Мы бегом вернулись в отопительный коридор, там по-прежнему никого не было, и поспешили в кладовку. Едва мы добрались до нее, стало слышно, как люди бегут уже по этому коридору. Мы подняли ковер и спустились по лестнице. Ковер вернулся в свое привычное положение. Мы ждали с пистолетами в руках и были готовы поприветствовать любого выстрелами. Но никому и в голову не приходило искать нас за ковром. Англичане побывали в кладовой и перевернули там все вверх дном, но никто из них не поднял ковер. Они снова выбежали в коридор, и мы слышали, как они штурмуют другие комнаты, потом шум стих, но очень скоро вернулся снова: они опять искали нас в кладовой. Их было много, потому что они не могли знать, кто мы и сколько нас. Суматоха длилась больше четверти часа, наши сердца колотились в ожидании. Когда поиски наконец прекратились, мы мысленно поблагодарили тех, кто продумал за нас наше убежище.
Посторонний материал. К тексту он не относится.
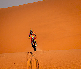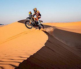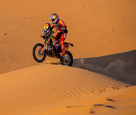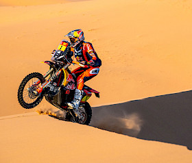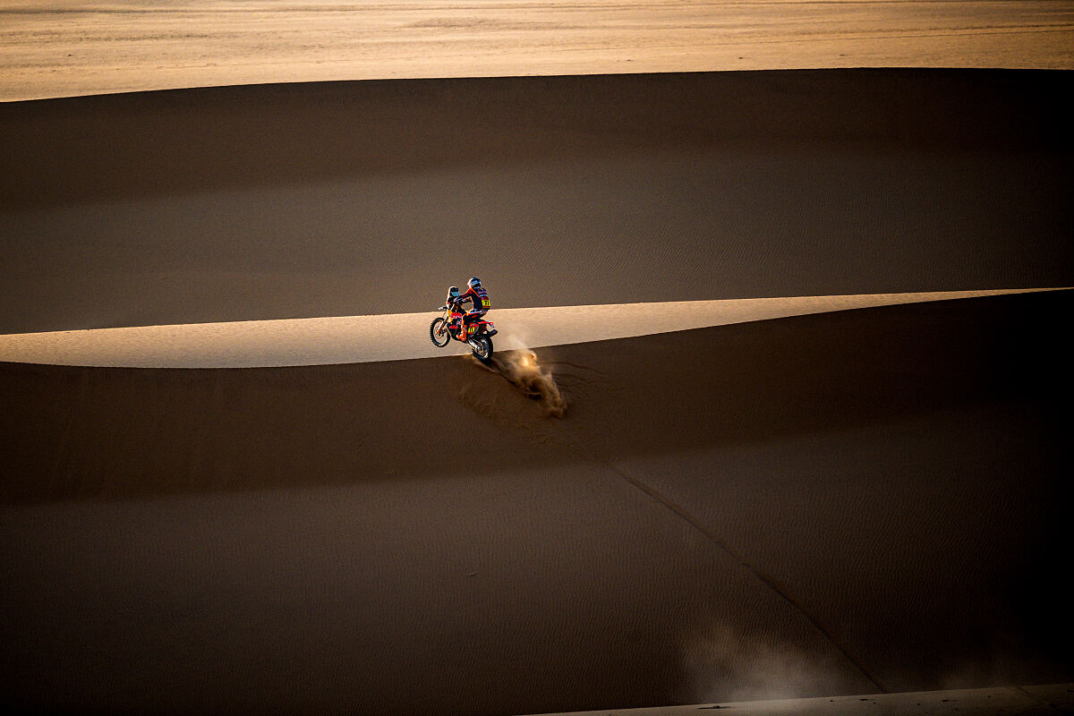 Daniel Sanders: „Die Etappe war heute extrem schnell und die Navigation einfacher, was es sehr schwierig machte, Zeit auf die Fahrer an der Spitze gutzumachen. Von Startplatz vier aus bedeutete jeder kleine Fehler, dass es keine Chance gab, den Rückstand aufzuholen, es sei denn, die Führenden patzten. Der Wind war am Ende stark, drückte das Motorrad hin und her und erschwerte es, Höchstgeschwindigkeit zu erreichen. Staub und Sand peitschten uns ins Gesicht und beeinträchtigten die Sicht. An der Spitze ist es jetzt viel enger, aber ich bin trotzdem froh, eine weitere Etappe beendet zu haben. Jetzt können wir uns neu formieren und uns auf die letzten Tage vorbereiten.“

Было около семи часов; мы сидели на ступенях в темноте, только отблеск света, который англичане зажгли в кладовке, пробивался сквозь основу ковра. Мы сидели не двигаясь, не решаясь что-либо предпринять. Реза взяла меня за руки и крепко вцепилась в них. Полную тишину нарушали только шорохи то тут, то там. Антон пробормотал, что это крысы. Я зашипел на него и велел замолчать.
Время от времени я чувствовал, как Реза сильнее сжимает мои руки, затем немного отпускает, но сразу же снова судорожно вцепляется в них. У нее был шок. Наконец, она приблизила губы к моему уху.
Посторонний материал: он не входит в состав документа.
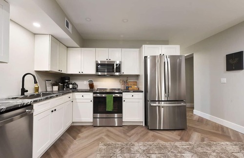 Welcome to your home away from home in our brand new, January 2024 apartment. The two king beds are perfect for couples or groups that love to spread out. Walkable to everything the North Side has to offer, but designed to stay in, our place features a fully equipped kitchen, work from home desk, a 65" TV + TVs in each bedroom, dining space, a Joybird couch, and lots more! Register your vehicle for free street parking, or leave your vehicle at home and walk or Uber to everywhere from here!

— Послушай, — прошептала она, — что ты собирался сделать с англичанином?
— С Сомерсетом? — тихо спросил я.
— Да. Если бы вы… если бы вы не застрелили его.
Я пожал плечами.
— Ты хотел его убить?
— Не знаю, — пробормотал я. — Но мы не знали, что он будет защищаться.
Она помолчала несколько секунд, затем спросила:
— Вы бы вообще вошли в комнату, если бы я не дала вам знак?
— Знак?.. Нет, наверное, или вошли бы позже. Мы не могли знать, как далеко ты собираешься с ним зайти.
Она молчала, и я добавил:
— Но ты действовала очень умело.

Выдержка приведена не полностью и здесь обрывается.